- **Given information**
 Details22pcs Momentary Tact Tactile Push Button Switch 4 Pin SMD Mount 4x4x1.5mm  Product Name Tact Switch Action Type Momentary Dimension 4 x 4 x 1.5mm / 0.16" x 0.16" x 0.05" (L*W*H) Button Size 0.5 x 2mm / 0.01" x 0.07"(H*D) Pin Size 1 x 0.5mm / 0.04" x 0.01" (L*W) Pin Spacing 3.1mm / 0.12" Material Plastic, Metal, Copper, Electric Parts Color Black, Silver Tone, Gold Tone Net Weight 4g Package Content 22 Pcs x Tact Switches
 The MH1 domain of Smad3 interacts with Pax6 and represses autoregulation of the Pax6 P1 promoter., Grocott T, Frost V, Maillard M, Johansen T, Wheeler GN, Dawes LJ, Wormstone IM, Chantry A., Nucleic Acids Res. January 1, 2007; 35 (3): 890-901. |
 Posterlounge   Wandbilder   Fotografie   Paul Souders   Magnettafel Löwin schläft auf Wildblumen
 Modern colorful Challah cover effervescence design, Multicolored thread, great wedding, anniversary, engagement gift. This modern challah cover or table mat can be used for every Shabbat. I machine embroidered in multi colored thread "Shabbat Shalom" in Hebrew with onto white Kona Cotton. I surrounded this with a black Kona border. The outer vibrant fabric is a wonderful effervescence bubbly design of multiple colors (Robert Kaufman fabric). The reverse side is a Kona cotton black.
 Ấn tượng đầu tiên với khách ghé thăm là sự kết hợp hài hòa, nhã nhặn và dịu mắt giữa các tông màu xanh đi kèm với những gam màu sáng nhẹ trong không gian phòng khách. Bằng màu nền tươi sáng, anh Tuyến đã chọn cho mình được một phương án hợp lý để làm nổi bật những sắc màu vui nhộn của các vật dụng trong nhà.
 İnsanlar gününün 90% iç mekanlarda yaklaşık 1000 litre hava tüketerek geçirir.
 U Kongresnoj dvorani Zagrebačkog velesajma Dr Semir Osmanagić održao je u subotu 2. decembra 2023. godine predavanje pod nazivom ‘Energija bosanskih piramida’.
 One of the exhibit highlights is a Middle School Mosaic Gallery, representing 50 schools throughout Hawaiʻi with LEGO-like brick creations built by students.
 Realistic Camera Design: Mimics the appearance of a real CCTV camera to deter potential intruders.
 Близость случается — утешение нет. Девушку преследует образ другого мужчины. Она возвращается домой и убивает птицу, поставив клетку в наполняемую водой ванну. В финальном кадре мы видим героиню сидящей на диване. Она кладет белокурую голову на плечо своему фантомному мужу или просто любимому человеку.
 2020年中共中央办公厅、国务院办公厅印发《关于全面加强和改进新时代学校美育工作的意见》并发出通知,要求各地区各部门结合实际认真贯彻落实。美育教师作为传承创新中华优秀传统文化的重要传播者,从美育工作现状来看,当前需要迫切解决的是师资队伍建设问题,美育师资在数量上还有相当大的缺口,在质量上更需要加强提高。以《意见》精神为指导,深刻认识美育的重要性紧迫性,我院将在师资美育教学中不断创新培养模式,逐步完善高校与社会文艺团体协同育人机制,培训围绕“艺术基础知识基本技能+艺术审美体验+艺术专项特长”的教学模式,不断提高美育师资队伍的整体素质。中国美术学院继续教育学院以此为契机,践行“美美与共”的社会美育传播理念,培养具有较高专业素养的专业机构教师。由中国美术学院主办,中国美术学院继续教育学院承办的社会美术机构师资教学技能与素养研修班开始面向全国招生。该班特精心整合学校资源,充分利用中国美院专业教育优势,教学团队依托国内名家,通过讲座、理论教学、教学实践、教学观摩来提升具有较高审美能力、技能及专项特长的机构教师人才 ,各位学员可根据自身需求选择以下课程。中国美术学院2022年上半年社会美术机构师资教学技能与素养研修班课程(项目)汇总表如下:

- **Activity**
Please give back, exactly as it stands above, the stretch from the line with "Posterlounge   Wandbilder" through the line with "Ấn tượng đầu", and no line outside it.

- **Your response**
 Posterlounge   Wandbilder   Fotografie   Paul Souders   Magnettafel Löwin schläft auf Wildblumen
 Modern colorful Challah cover effervescence design, Multicolored thread, great wedding, anniversary, engagement gift. This modern challah cover or table mat can be used for every Shabbat. I machine embroidered in multi colored thread "Shabbat Shalom" in Hebrew with onto white Kona Cotton. I surrounded this with a black Kona border. The outer vibrant fabric is a wonderful effervescence bubbly design of multiple colors (Robert Kaufman fabric). The reverse side is a Kona cotton black.
 Ấn tượng đầu tiên với khách ghé thăm là sự kết hợp hài hòa, nhã nhặn và dịu mắt giữa các tông màu xanh đi kèm với những gam màu sáng nhẹ trong không gian phòng khách. Bằng màu nền tươi sáng, anh Tuyến đã chọn cho mình được một phương án hợp lý để làm nổi bật những sắc màu vui nhộn của các vật dụng trong nhà.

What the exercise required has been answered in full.